PROBLEM TO WORK ON: Pictures stay out. Everything else in the listing below gets written out exactly.

□ □ □

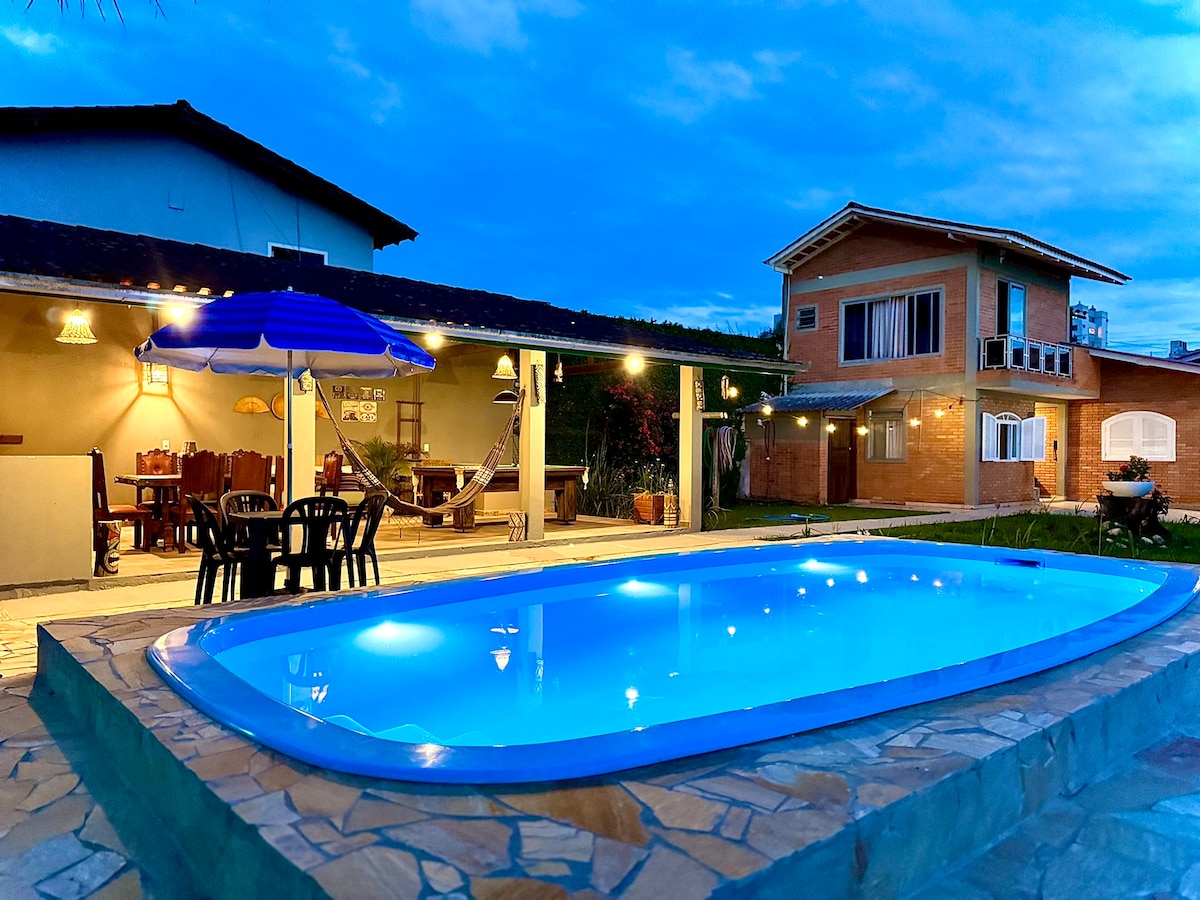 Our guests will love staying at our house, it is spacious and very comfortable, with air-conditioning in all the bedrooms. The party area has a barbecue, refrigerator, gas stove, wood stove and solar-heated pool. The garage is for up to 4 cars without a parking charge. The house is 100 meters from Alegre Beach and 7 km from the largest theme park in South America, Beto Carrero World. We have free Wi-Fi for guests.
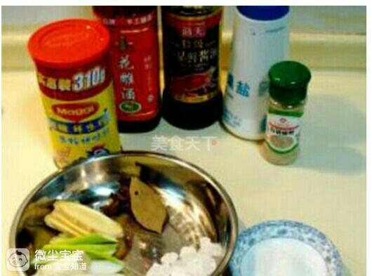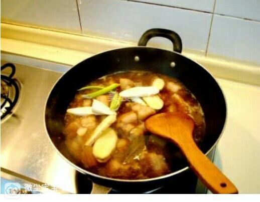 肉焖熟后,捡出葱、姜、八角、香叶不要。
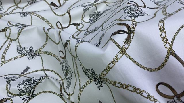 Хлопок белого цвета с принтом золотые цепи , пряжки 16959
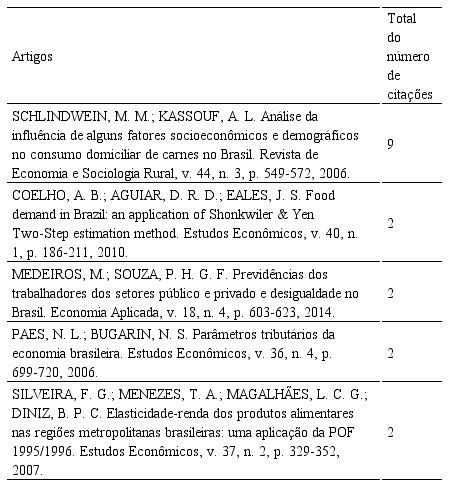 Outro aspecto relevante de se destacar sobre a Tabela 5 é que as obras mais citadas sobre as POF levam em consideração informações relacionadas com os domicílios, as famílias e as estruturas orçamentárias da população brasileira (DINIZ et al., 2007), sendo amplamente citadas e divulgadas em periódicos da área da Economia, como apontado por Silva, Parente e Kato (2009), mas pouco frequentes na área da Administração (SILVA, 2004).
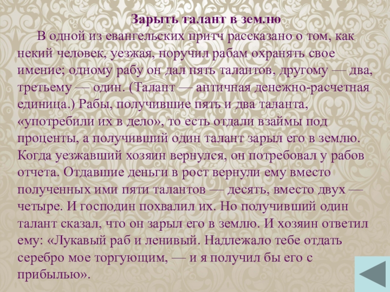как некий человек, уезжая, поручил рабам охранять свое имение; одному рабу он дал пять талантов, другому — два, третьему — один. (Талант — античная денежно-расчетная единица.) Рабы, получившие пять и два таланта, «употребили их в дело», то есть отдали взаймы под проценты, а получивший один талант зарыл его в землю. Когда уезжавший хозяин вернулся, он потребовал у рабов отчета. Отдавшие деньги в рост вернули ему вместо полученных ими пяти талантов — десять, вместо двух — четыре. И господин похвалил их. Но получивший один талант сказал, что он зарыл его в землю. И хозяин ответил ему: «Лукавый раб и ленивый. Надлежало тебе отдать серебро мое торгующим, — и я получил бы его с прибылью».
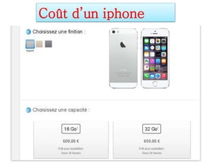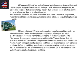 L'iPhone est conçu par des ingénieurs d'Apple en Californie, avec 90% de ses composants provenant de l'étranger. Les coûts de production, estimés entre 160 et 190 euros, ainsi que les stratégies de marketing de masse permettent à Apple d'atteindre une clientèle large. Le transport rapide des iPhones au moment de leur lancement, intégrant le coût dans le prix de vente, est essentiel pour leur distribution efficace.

□ □ □

ANSWER BOX:
 Our guests will love staying at our house, it is spacious and very comfortable, with air-conditioning in all the bedrooms. The party area has a barbecue, refrigerator, gas stove, wood stove and solar-heated pool. The garage is for up to 4 cars without a parking charge. The house is 100 meters from Alegre Beach and 7 km from the largest theme park in South America, Beto Carrero World. We have free Wi-Fi for guests.
 肉焖熟后,捡出葱、姜、八角、香叶不要。
 Хлопок белого цвета с принтом золотые цепи , пряжки 16959
 Outro aspecto relevante de se destacar sobre a Tabela 5 é que as obras mais citadas sobre as POF levam em consideração informações relacionadas com os domicílios, as famílias e as estruturas orçamentárias da população brasileira (DINIZ et al., 2007), sendo amplamente citadas e divulgadas em periódicos da área da Economia, como apontado por Silva, Parente e Kato (2009), mas pouco frequentes na área da Administração (SILVA, 2004).
как некий человек, уезжая, поручил рабам охранять свое имение; одному рабу он дал пять талантов, другому — два, третьему — один. (Талант — античная денежно-расчетная единица.) Рабы, получившие пять и два таланта, «употребили их в дело», то есть отдали взаймы под проценты, а получивший один талант зарыл его в землю. Когда уезжавший хозяин вернулся, он потребовал у рабов отчета. Отдавшие деньги в рост вернули ему вместо полученных ими пяти талантов — десять, вместо двух — четыре. И господин похвалил их. Но получивший один талант сказал, что он зарыл его в землю. И хозяин ответил ему: «Лукавый раб и ленивый. Надлежало тебе отдать серебро мое торгующим, — и я получил бы его с прибылью».
 L'iPhone est conçu par des ingénieurs d'Apple en Californie, avec 90% de ses composants provenant de l'étranger. Les coûts de production, estimés entre 160 et 190 euros, ainsi que les stratégies de marketing de masse permettent à Apple d'atteindre une clientèle large. Le transport rapide des iPhones au moment de leur lancement, intégrant le coût dans le prix de vente, est essentiel pour leur distribution efficace.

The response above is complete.